• _Exercise details_
Find "В Кременчуге в" in the listing below, then set down only that line and each later line, unchanged, leaving out pictures.

• _Provided material_
○ ○ ○
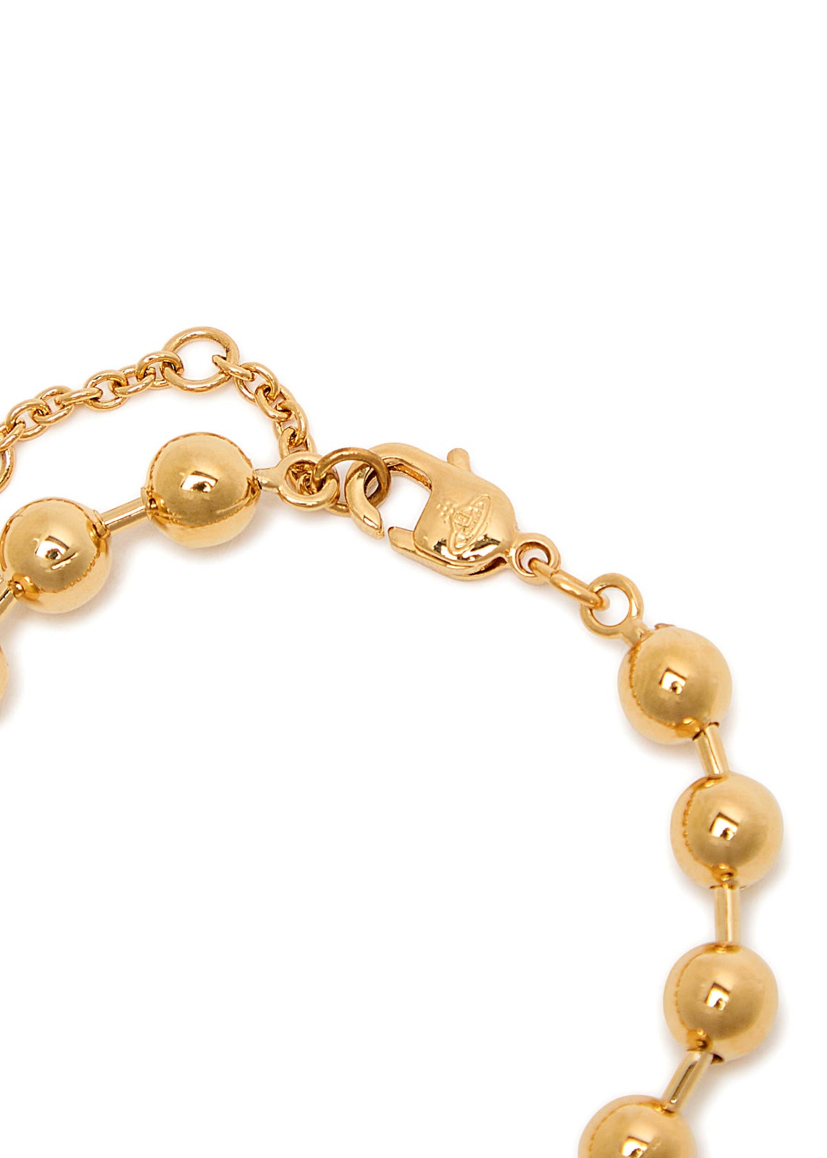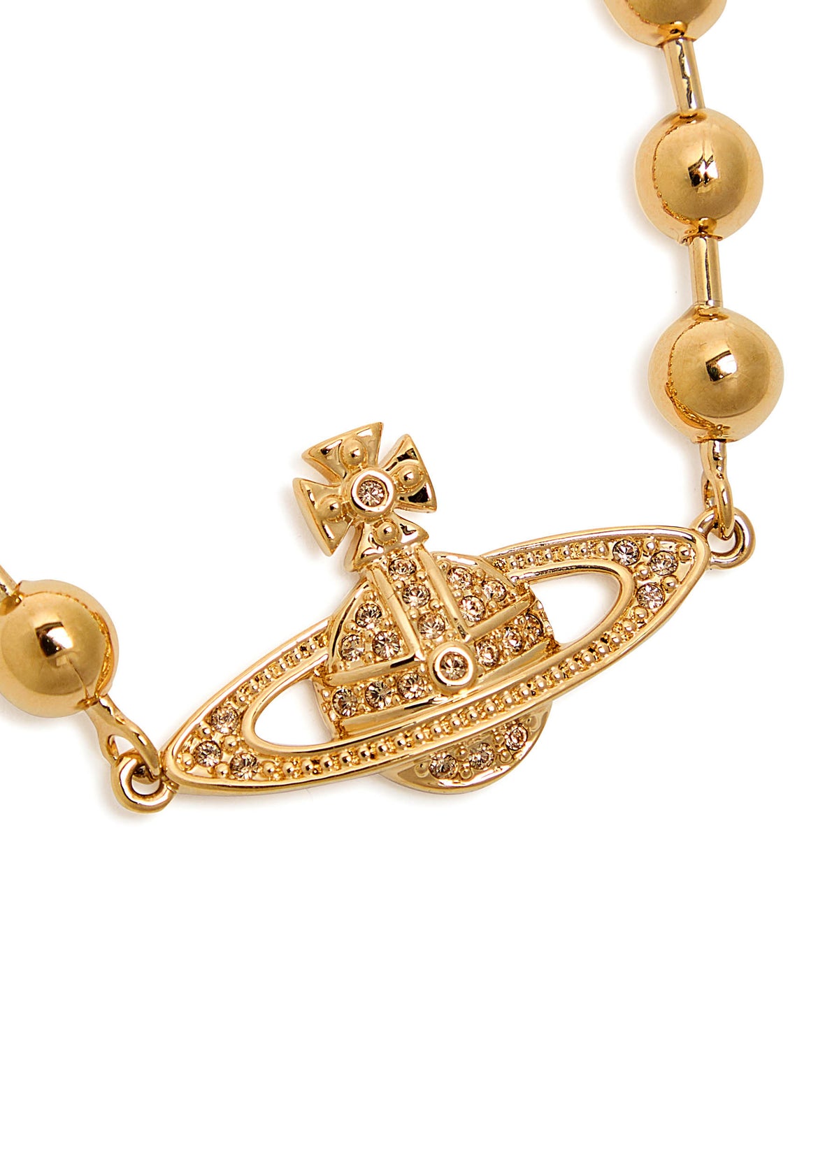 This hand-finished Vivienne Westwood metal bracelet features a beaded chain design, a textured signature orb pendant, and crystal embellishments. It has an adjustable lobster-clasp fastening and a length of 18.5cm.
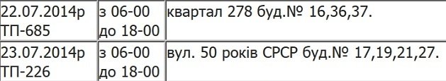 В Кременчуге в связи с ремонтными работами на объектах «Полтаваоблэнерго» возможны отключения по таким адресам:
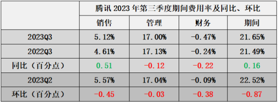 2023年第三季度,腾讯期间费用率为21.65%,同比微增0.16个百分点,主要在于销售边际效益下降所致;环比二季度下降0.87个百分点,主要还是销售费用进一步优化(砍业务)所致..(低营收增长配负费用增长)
○ ○ ○
• _Answer_
 В Кременчуге в связи с ремонтными работами на объектах «Полтаваоблэнерго» возможны отключения по таким адресам:
 2023年第三季度,腾讯期间费用率为21.65%,同比微增0.16个百分点,主要在于销售边际效益下降所致;环比二季度下降0.87个百分点,主要还是销售费用进一步优化(砍业务)所致..(低营收增长配负费用增长)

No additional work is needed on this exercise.